Aux termes de l’article 1240 du code civil, tout fait quelconque de l’homme, qui cause à autrui un dommage, oblige celui par la faute duquel il est arrivé à le réparer. Il résulte de ce texte que l’occupant sans droit ni titre d’un local est tenu d’une indemnité d’occupation envers le propriétaire. L’indemnité d’occupation, dont la nature mixte, compensatoire et indemnitaire, constitue la contrepartie de l’occupation du bien après résiliation du bail et de son indisponibilité pour le bailleur.
En l’espèce, le bail se trouve résilié depuis le 15 juin 2024 à 24.00 heures, Mme [X] [H] et M. [T] [G] sont occupant sans droit ni titre depuis cette date.
L’indemnité d’occupation en réparation du préjudice causé par l’occupation sans droit ni titre du local, après résiliation du bail et destinée à compenser la perte de jouissance du bien, est fixée au montant du loyer et charges qui aurait été du pour le logement si le bail n’avait pas été résilié.
Il y a lieu de condamner Mme [X] [H] et M. [T] [G] à payer à la société [C] Habitat cette indemnité à compter de la résiliation du bail jusqu’à la libération effective des lieux.
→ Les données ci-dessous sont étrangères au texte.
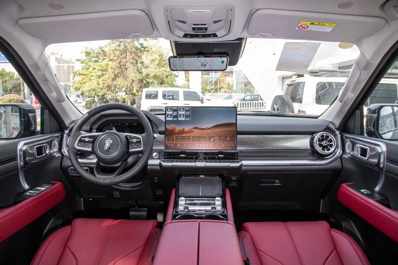 Khoang nội thất Tank 400 2026 được cải tiến mạnh mẽ về công nghệ. Màn hình trung tâm cảm ứng giảm từ 16,2 inch xuống còn 15,6 inch nhưng nâng độ phân giải lên 2,5K, tích hợp hệ điều hành Coffee OS thế hệ 3 cùng trợ lý giọng nói thông minh Coffee GPT. Phía trước người lái là cụm đồng hồ kỹ thuật số 12,3 inch kết hợp màn hình HUD hiển thị trên kính lái.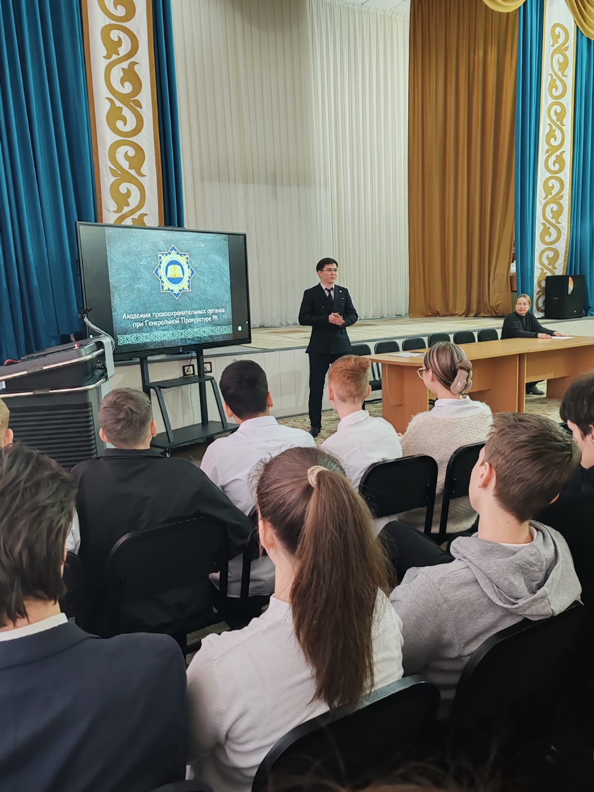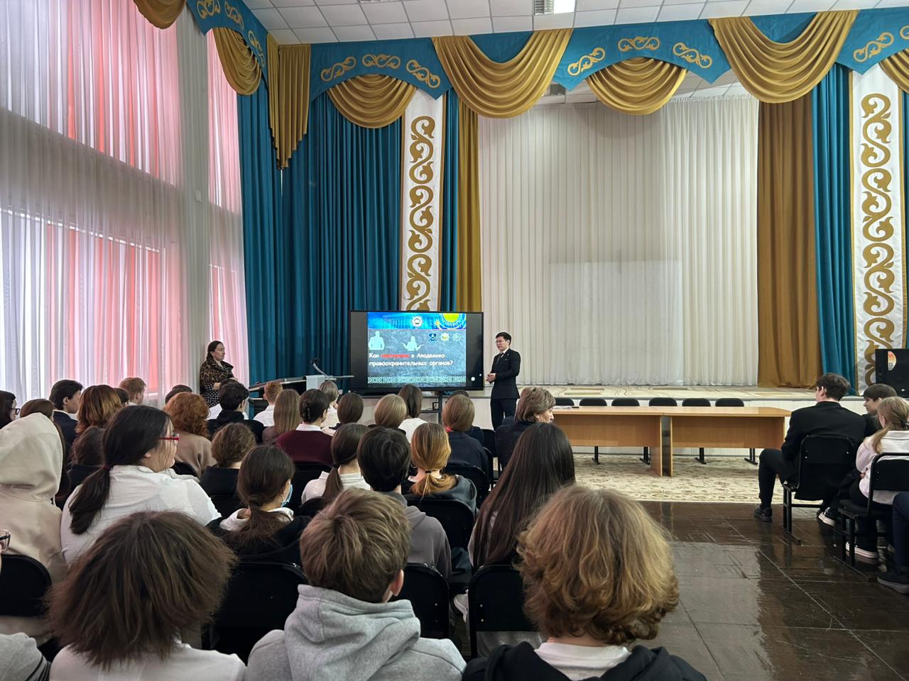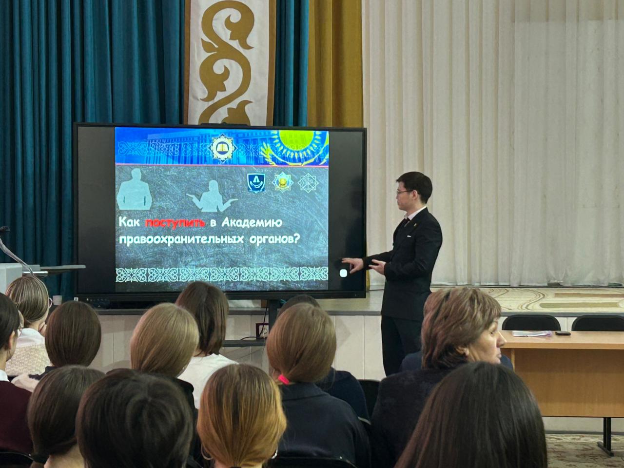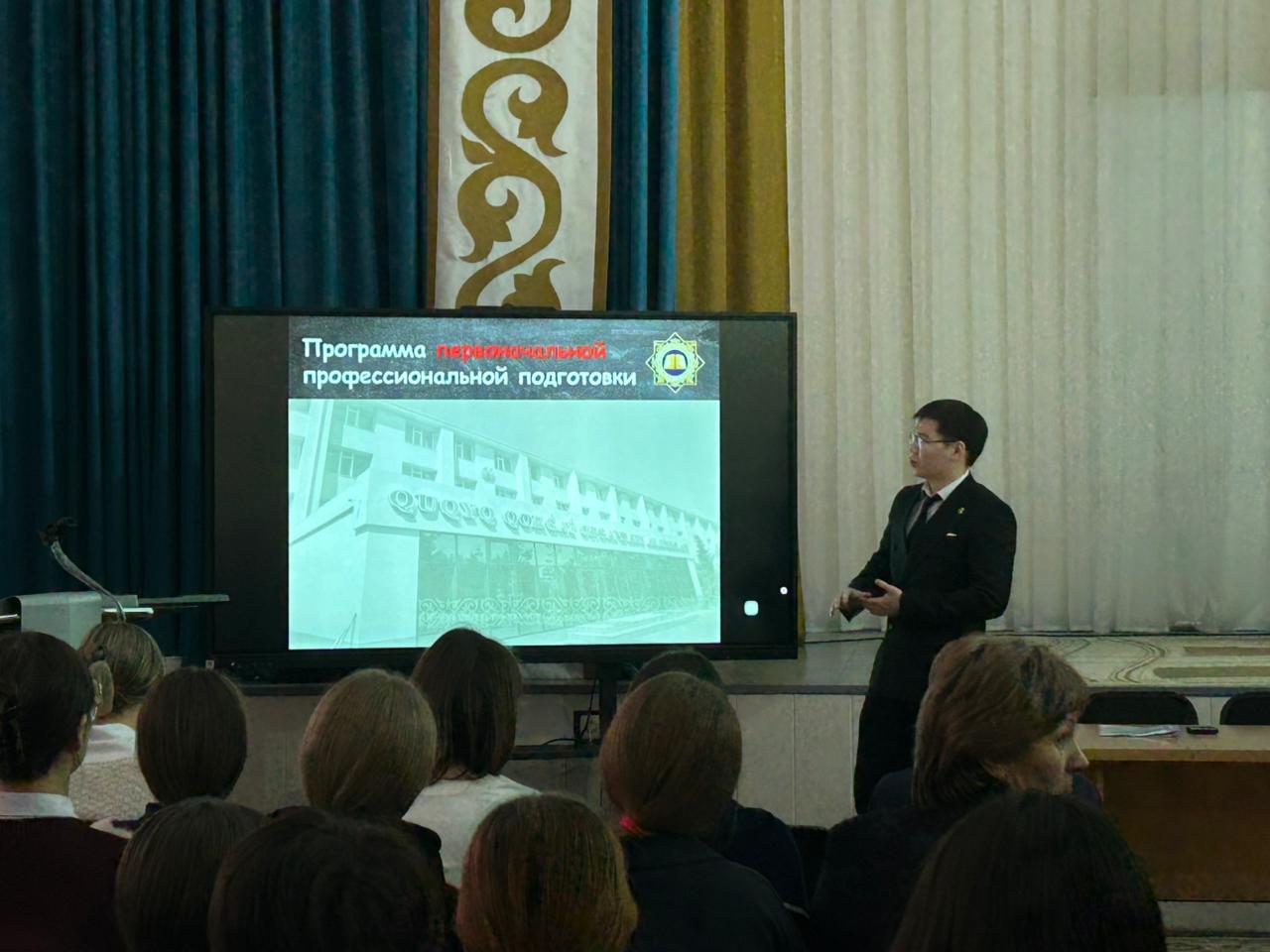 В рамках месячника «Закон и порядок» в школе состоялась встреча с представителем прокуратуры г. Петропавловск Өміртас Я.А.. В ходе встречи он рассказал обучающимся об особенностях работы прокурора, основных направлениях деятельности и профессиональных обязанностях.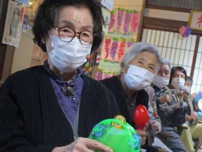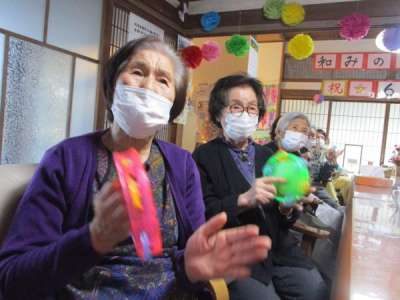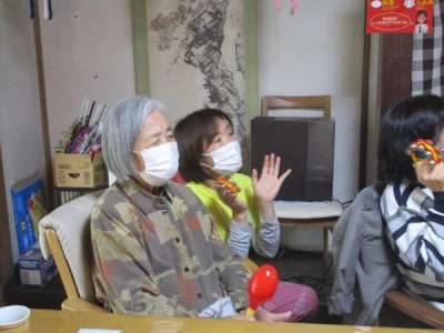 タンバリンやマスカラなどで盛り上げます

Cette indemnité d’occupation mensuelle, qui se substitue au loyer à compter du 16 juin 2024, est incluse dans la condamnation principale jusqu’au terme du 16 octobre 2025, échéance du mois de septembre 2025 inclus.
Ainsi, Mme [X] [H] et M. [T] [G] seront condamnés solidairement au paiement d’une indemnité mensuelle d’occupation égale au montant du loyer, augmenté des charges, soit la somme actuelle de 659,72 euros, pour la période courant du mois d’octobre 2025 à la date de libération effective et définitive des lieux.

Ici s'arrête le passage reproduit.